What Happens During Microvascular Decompression of the Facial Nerve?

During microvascular decompression of the facial nerve, the patient is placed under general anaesthesia. The surgeon makes a small incision behind the ear and creates a small opening in the skull to access the facial nerve near the brainstem. Using a microscope, the surgeon identifies the blood vessel compressing the nerve and carefully moves it away. A tiny cushion, usually made of Teflon, is placed between the vessel and the nerve to prevent further contact. The incision is then closed and covered with a soft adhesive dressing.

What Happens After Microvascular Decompression of the Facial Nerve?

After microvascular decompression of the facial nerve, patients are closely monitored in the recovery area and may spend a short time in the intensive care unit. Most remain in the hospital for two to five days. Facial spasms often improve immediately, though some patients experience gradual improvement over several weeks or months. Temporary headaches, dizziness, nausea, balance issues, or incision discomfort may occur. Follow-up appointments are scheduled to assess healing, symptom relief, and recovery progress.

What are the Risks and Benefits of Microvascular Decompression of the Facial Nerve?

Risks and benefits of microvascular decompression of the facial nerve include the following:

Benefits:

  • Addresses the underlying cause of facial nerve compression.
  • Provides long-term or permanent relief from facial spasms in many patients.
  • Preserves facial nerve function without intentionally damaging the nerve.
  • Can significantly improve quality of life and daily functioning.

Risks:

  • Post operative haematoma
  • Infection (wound, CSF, urine, chest)
  • Adverse reactions to anaesthesia.
  • Hearing loss, dizziness, or balance problems.
  • Facial weakness or numbness.
  • Cerebrospinal fluid (CSF) leak.
  • Stroke, nerve injury, or recurrence of symptoms, although these complications are uncommon
  • Complications related to other medical conditions (heart, lungs, kidney)
  • Clots in legs (Deep venous thrombosis) and clots in lungs (pulmonary embolus)
  • Non resolution of facial spasms

Note: Your surgeon will advise you on how likely the above complications are.

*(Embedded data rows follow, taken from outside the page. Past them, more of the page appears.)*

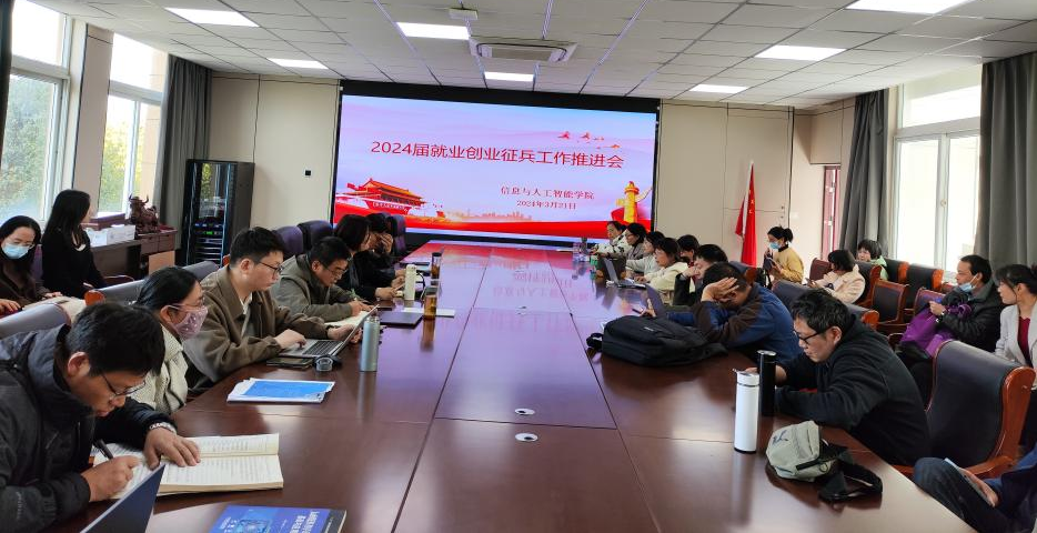 春风拂细柳,就业育新人。为抢抓春季毕业生就业工作关键期,扎实推进2024届毕业生就业创业征兵工作,信息与人工智能学院于3月21日下午在信实楼208会议室召开2024届就业创业征兵工作推进会议。学院全体教职工参加会议,会议由党总支副书记杨琦主持。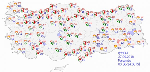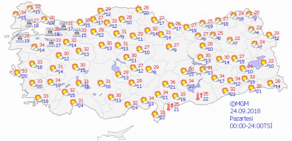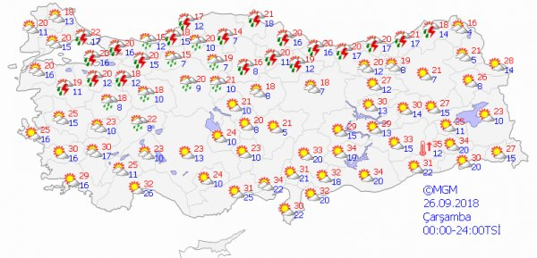 Meteoroloji tarafından yapılan son değerlendirmelere göre bugün güneşli bir hava Marmara ve çevresinde etkili olacak. Bazı illerde ise sağanak yağış etkili olacak. Başta Trabzon olmak üzere Rize, Artvin, Ardahan, Erzurum, Kars, Muş, Ağrı ve Iğdır'da bugün sağanak yağış etkili olacak.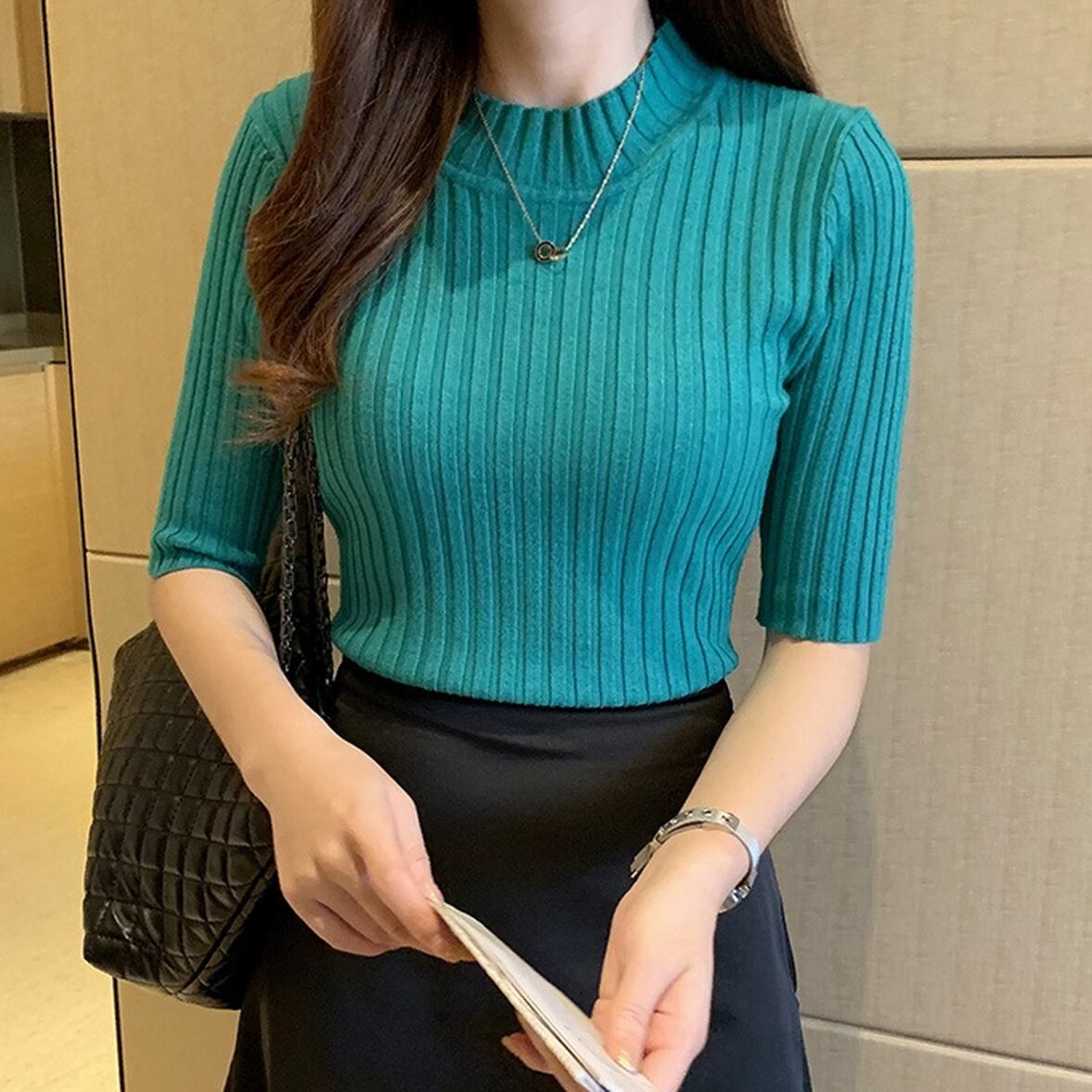 ハーフスリーブリブニット トップス ニット カットソー リブニット ハーフ袖ニット リブカットソー リブニットソー 5分袖 ハーフスリーブ クルーネック リブ編み スマート スリム 伸縮性 無地 オフィス レディース かわいい 大人可愛い おしゃれ ガーリー エレガント 主役級 存在感 キュート きれいめ 上品 シンプル ベーシック カジュアル お出かけ ショッピング 休日 通勤 通学 デート 女子会 イベント 旅行 体型カバー ゆったり フェミニン

What can I expect when I am discharged from hospital

  • You may experience pain (including headache), inflammation, and discomfort in the operated area. Pain and anti-inflammatory medications are provided as needed.
  • Keep the surgical site clean. Instructions on surgical site care and bathing will be provided.
  • Refrain from smoking and alcohol until your first follow up visit as it can negatively affect the healing process.
  • Refrain from lifting anything heavier than 5 Kg and other strenuous activities until the first follow-up visit. These activities may include housework, yard work, gardening, mowing, etc.
  • Gentle exercise and regular walking are recommended to improve strength and endurance from 2 weeks after surgery.
  • Refrain from driving until you are fully fit and receive your surgeon’s clearance.
  • Most patients can return to their normal daily routines in 4-6 weeks after surgery.